The most important routine aspects of the diagnostic evaluation of solitary thyroid nodules include a thorough history and physical examination, serum TSH level, and FNAB of the nodule, assuming the patient has access to an experienced cytopathologist. Subsequent management of a solitary thyroid nodule depends largely on FNAB diagnosis. Malignant cytopathology usually is an indication for surgical referral. Exceptions may be made in the case of malignant lymphoma, which typically is not managed surgically, and in cases of anaplastic carcinoma, in which surgical intervention may be futile.

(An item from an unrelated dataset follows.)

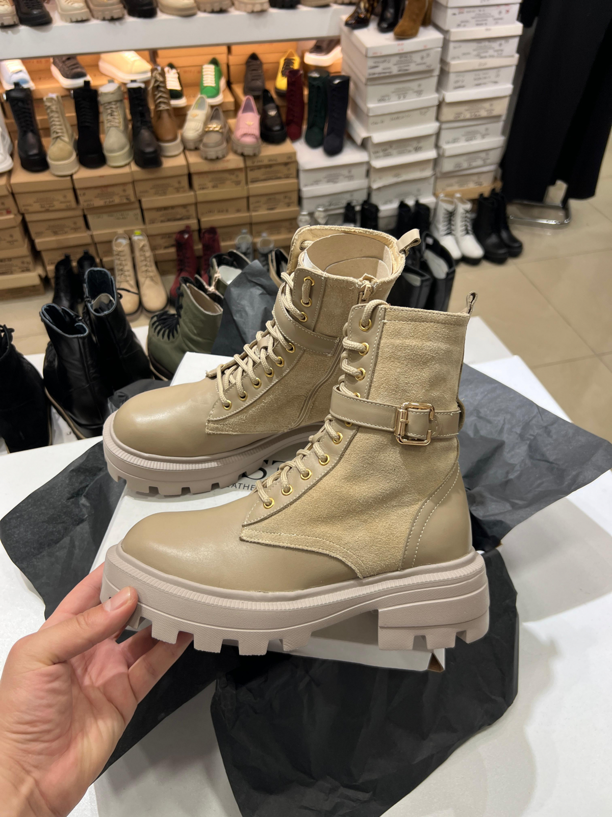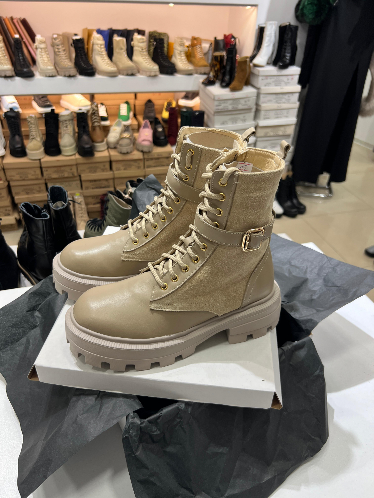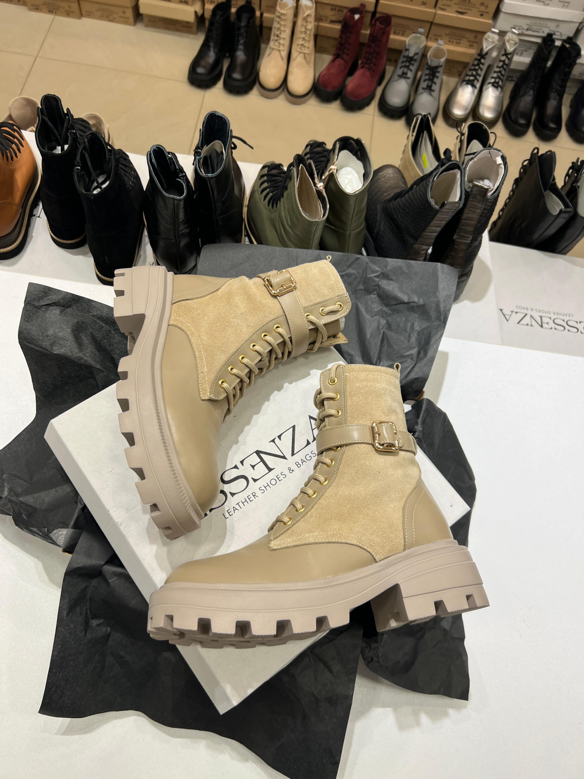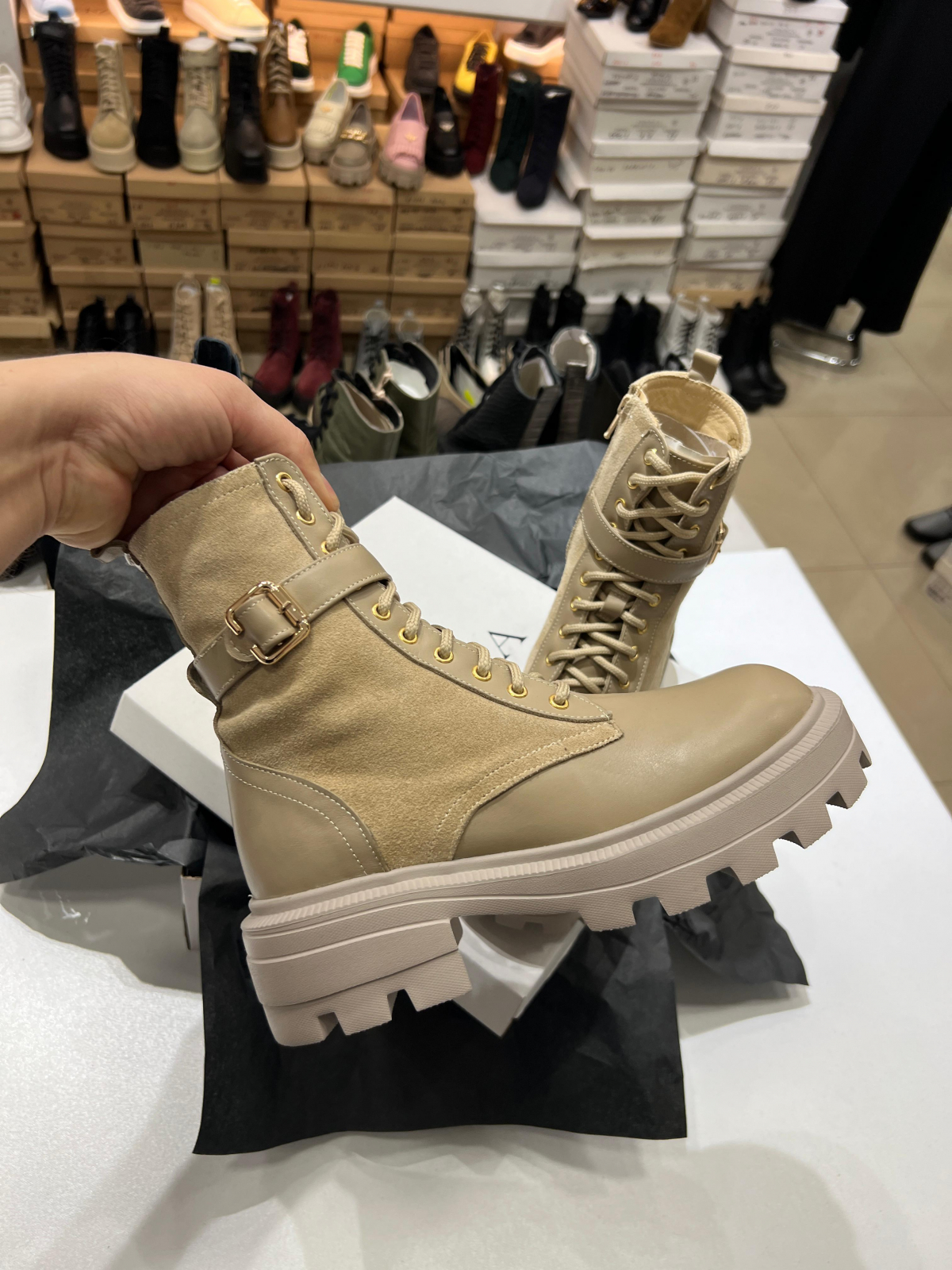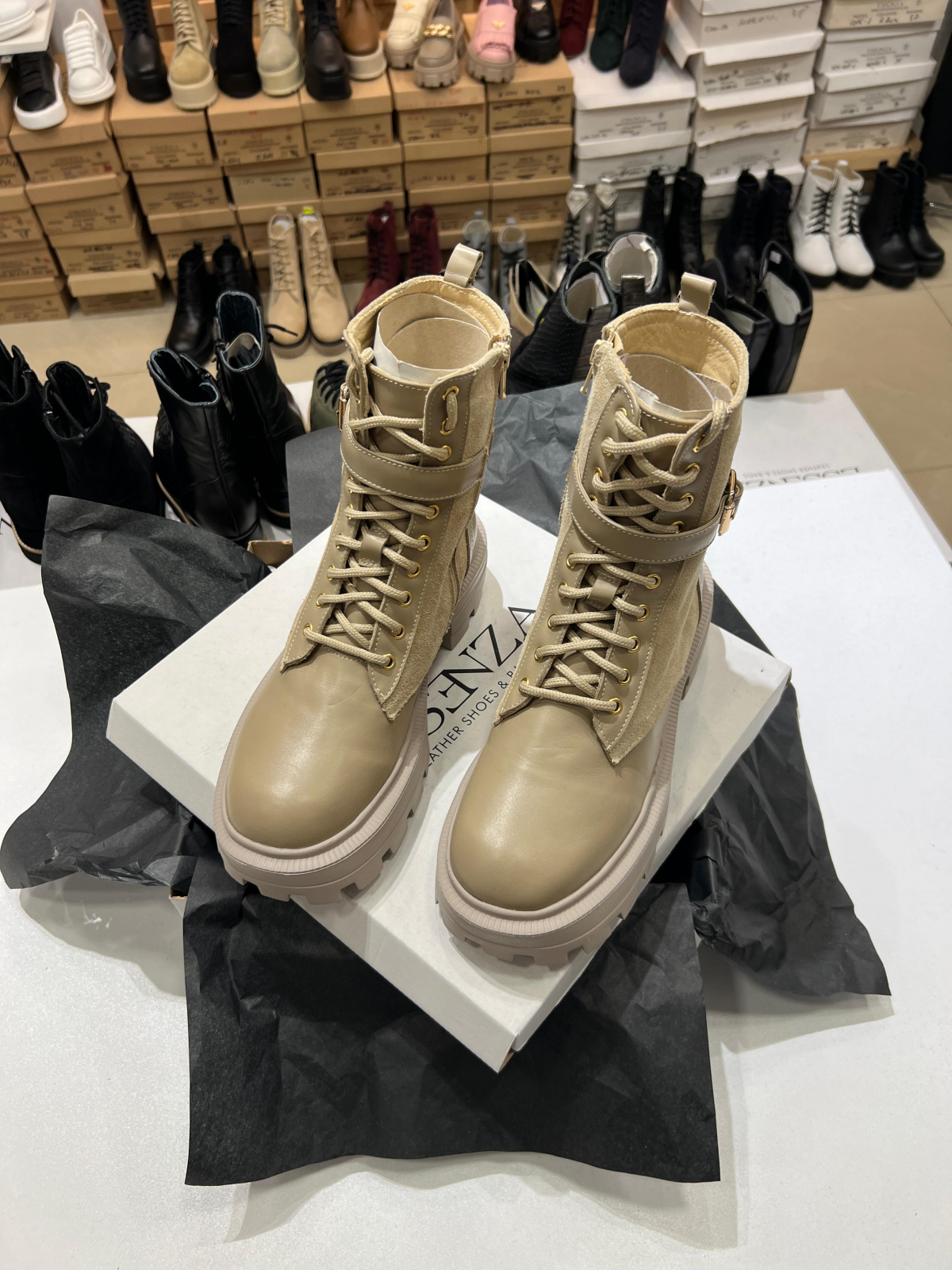 Bocanci cu siret si bareta cu catarama , din piele naturala. Pentru o incaltare mai usoara, bocancii sunt prevazuti cu fermoar pe lateralul interior a piciorului.

Thyroid nodules associated with benign cytopathology on FNAB can be managed without routine surgical referral in most cases, provided adequate follow-up is possible. Treatment of noncancerous nodules depends on the cause and on the symptoms they produce. Nodules that secrete too much thyroid hormone may produce hyperthyroidism, which requires treatment, usually with radioactive iodine. Noncancerous nodules that do not secrete thyroid hormones usually do not require treatment. If the nodules cause discomfort or are cosmetically displeasing, they can be removed surgically.

Thyroid cancer can almost always be treated and cured: Most people with thyroid cancer are still alive 20 years after the cancer is detected. A few rare types of thyroid cancer, particularly anaplastic thyroid carcinoma and thyroid lymphoma, have a poorer outlook.